**Supplied data**
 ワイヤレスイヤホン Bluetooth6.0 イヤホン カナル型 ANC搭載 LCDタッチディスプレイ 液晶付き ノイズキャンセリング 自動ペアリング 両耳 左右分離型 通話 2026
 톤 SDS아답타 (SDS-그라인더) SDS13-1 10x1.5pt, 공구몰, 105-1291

==

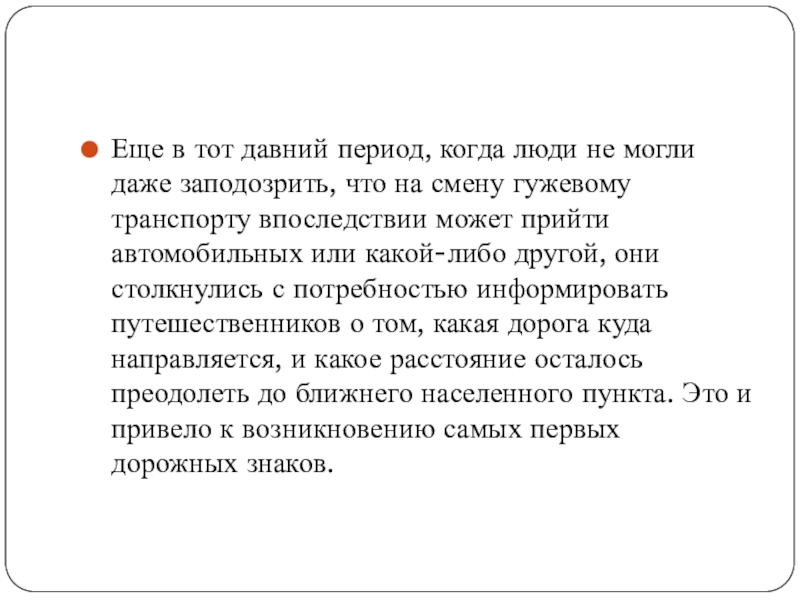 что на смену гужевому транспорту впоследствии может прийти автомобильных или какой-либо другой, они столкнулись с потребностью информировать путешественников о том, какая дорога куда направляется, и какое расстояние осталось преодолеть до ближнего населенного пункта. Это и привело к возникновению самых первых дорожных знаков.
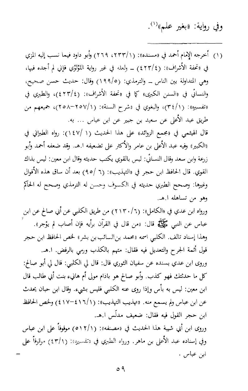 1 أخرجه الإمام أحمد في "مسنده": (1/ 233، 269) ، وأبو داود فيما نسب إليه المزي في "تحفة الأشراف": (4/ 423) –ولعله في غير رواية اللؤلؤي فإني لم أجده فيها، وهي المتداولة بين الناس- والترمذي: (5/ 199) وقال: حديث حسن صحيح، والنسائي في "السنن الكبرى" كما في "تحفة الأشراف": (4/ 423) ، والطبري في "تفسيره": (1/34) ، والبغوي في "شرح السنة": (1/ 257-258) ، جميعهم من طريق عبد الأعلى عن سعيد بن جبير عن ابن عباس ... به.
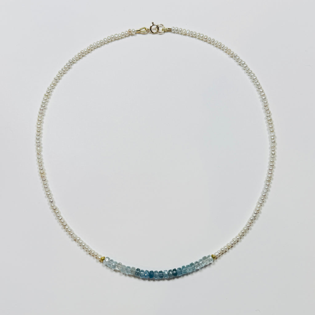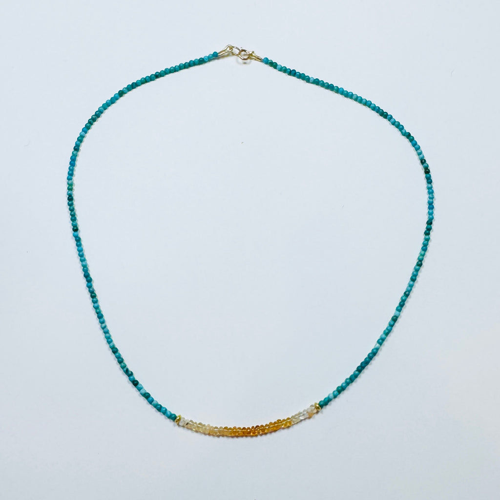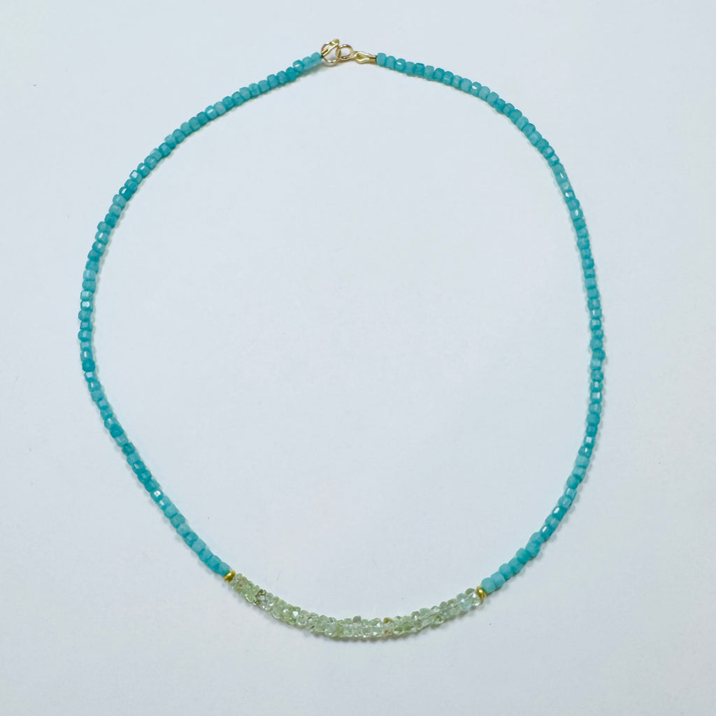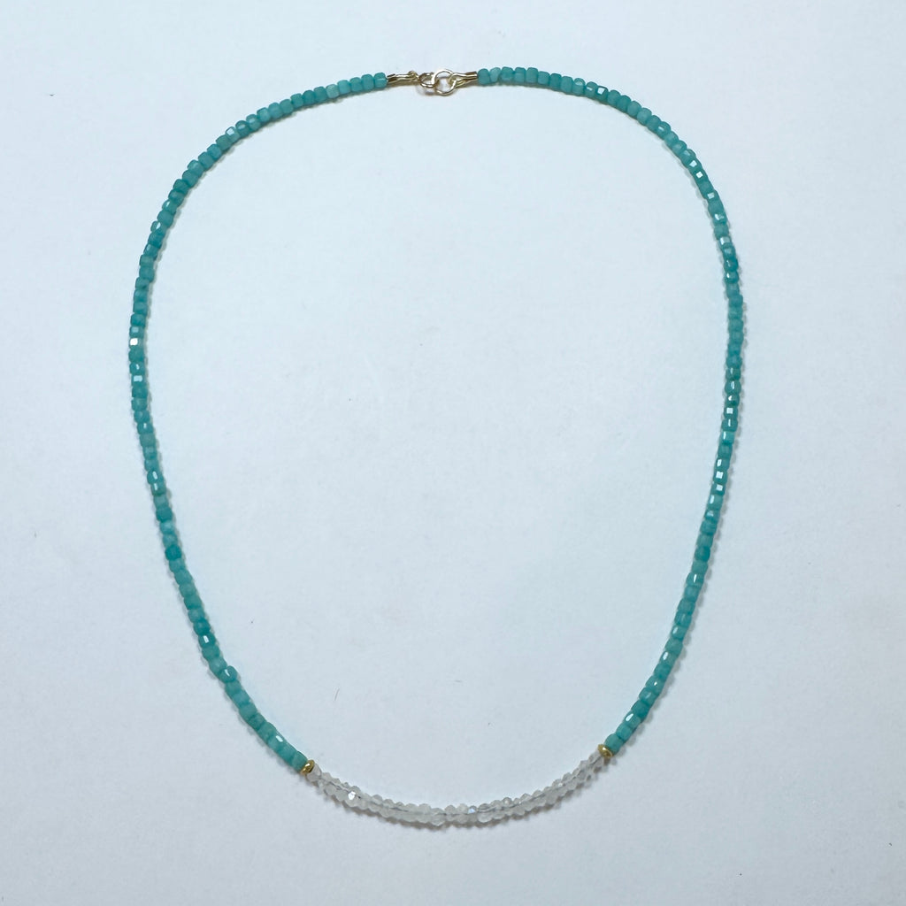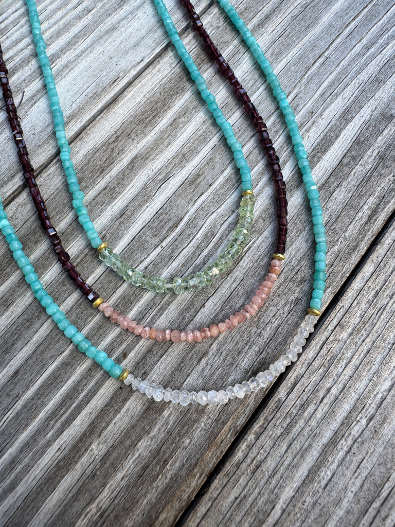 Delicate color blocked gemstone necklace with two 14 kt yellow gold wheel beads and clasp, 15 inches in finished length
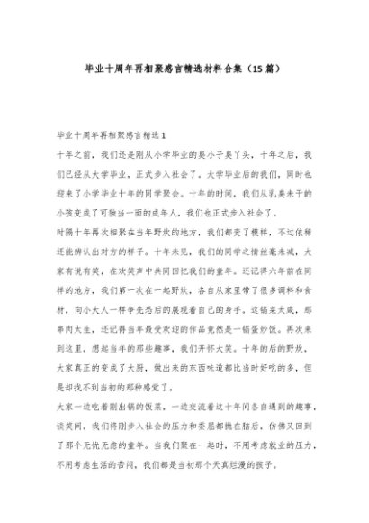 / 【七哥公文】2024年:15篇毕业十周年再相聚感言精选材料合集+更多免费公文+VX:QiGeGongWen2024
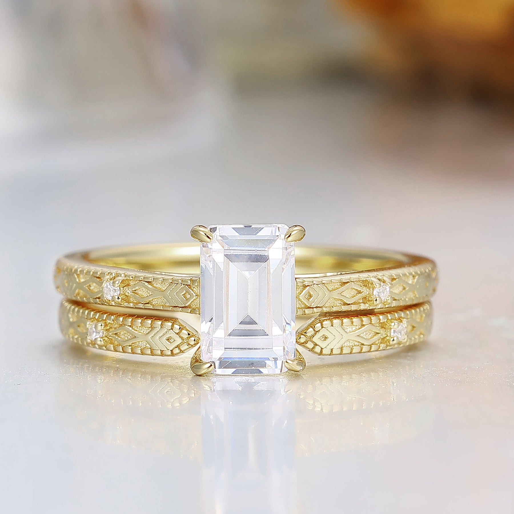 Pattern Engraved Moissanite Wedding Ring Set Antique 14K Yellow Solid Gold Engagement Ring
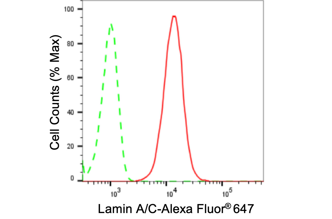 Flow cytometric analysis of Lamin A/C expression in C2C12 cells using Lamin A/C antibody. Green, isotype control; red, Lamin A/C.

**Exercise prompt**
Repeat only the stretch of data above that runs from the line with "Pattern Engraved Moissanite" to the line with "Flow cytometric analysis". Keep both end lines; exclude pictures.

**Written response**
 Pattern Engraved Moissanite Wedding Ring Set Antique 14K Yellow Solid Gold Engagement Ring
 Flow cytometric analysis of Lamin A/C expression in C2C12 cells using Lamin A/C antibody. Green, isotype control; red, Lamin A/C.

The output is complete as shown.